HOW TO COMPLETE THIS TASK>
Take nothing but the lines from the one with "We will print" through the one with "Um múon (uma" in the entries below, both ends kept, and return them exactly with pictures left out.

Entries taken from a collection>
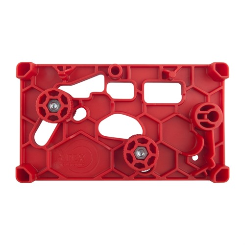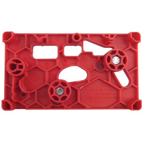 Tooling Plate er designet for å festes direkte til undersiden av Apex Polymer Armorer's Block, og gir en hevet overflate for arbeid med M&P og Glock-pistoler. Tooling-platen har snap-låser og spor for å holde 1/8" tilpasset rullpinne-punch og 1/16" allen-nøkkel. Gummiføtter griper arbeidsflaten, noe som gir et solid grep under arbeid. En ringmagnet på undersiden av platen vil forhindre at magnetiske deler slipper unna.
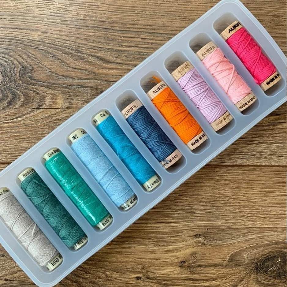 The flexibility of the silicone means it can store threads from several different brands including Gutermann, Aurifil and Coats even though each brand’s spool is different in size. The size of each slot is 1.8cm x 7.7cm and stretch a little.
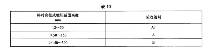 3.6.1 除B類(lèi)用途的TA15鈦合金棒材外,棒材或鍛坯應(yīng)按GB/T 5193的規(guī)定進(jìn)行超聲波檢驗(yàn),其驗(yàn)收級(jí)別應(yīng)符表10的規(guī)定。
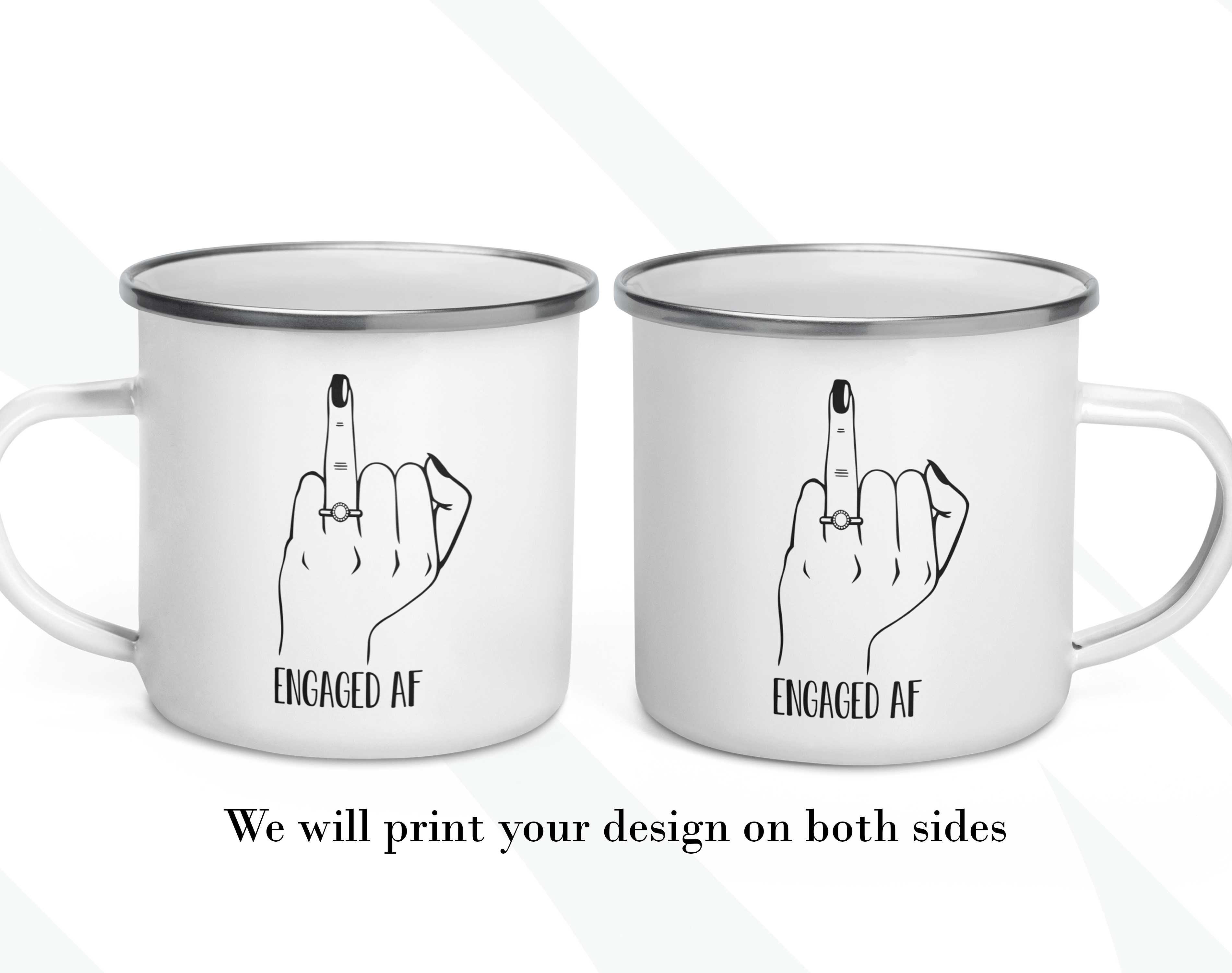 We will print your wedding ring finger mug on both sides by default. You can put a name or phrase on the mug’s back, as in the pictures. If you add text to the mug’s back, please let us know your preferred font number (the options are on the pictures). Please help us by providing as much information as possible in the personalized text box; we will take care of the rest! It’s your customized mug, so you can design your gift for the bride as you wish!
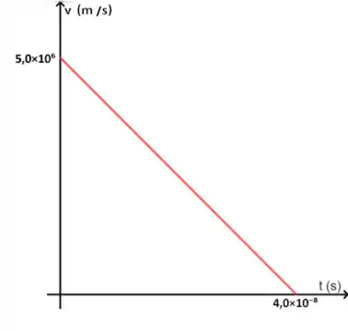 Um múon (uma partícula elementar) entra num campo elétrico com uma velocidade de m/s, onde é desacelerado à razão de m/s². (a) Que distância o múon percorre até parar? (b) Faça os gráficos x versus t e v versus t para o múon.
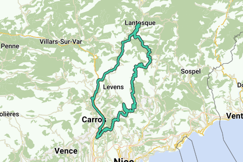 Finalmente, saldrás del valle a través del Col de la Porte (en un hermoso entorno montañoso). Después, es cuesta abajo y finalmente es un sube y baja hacia el hermoso pueblito de Coaraze. Después de Coaraze, pedaleas hacia Bendejun y subes por caminos locales hacia Chateauneuf-Villevieille. Luego viene el Col d'Aspremont (unos 160 metros de diferencia de altura) y pasas por el precioso lugar de Aspremont. En Aspremont, debes disfrutar de la vista sobre el valle del Var. Luego son unos 12 km de descenso y, lamentablemente, debes seguir la muy transitada carretera principal oriental en el Vardal a lo largo de un kilómetro.

TASK RESULT>
 We will print your wedding ring finger mug on both sides by default. You can put a name or phrase on the mug’s back, as in the pictures. If you add text to the mug’s back, please let us know your preferred font number (the options are on the pictures). Please help us by providing as much information as possible in the personalized text box; we will take care of the rest! It’s your customized mug, so you can design your gift for the bride as you wish!
 Um múon (uma partícula elementar) entra num campo elétrico com uma velocidade de m/s, onde é desacelerado à razão de m/s². (a) Que distância o múon percorre até parar? (b) Faça os gráficos x versus t e v versus t para o múon.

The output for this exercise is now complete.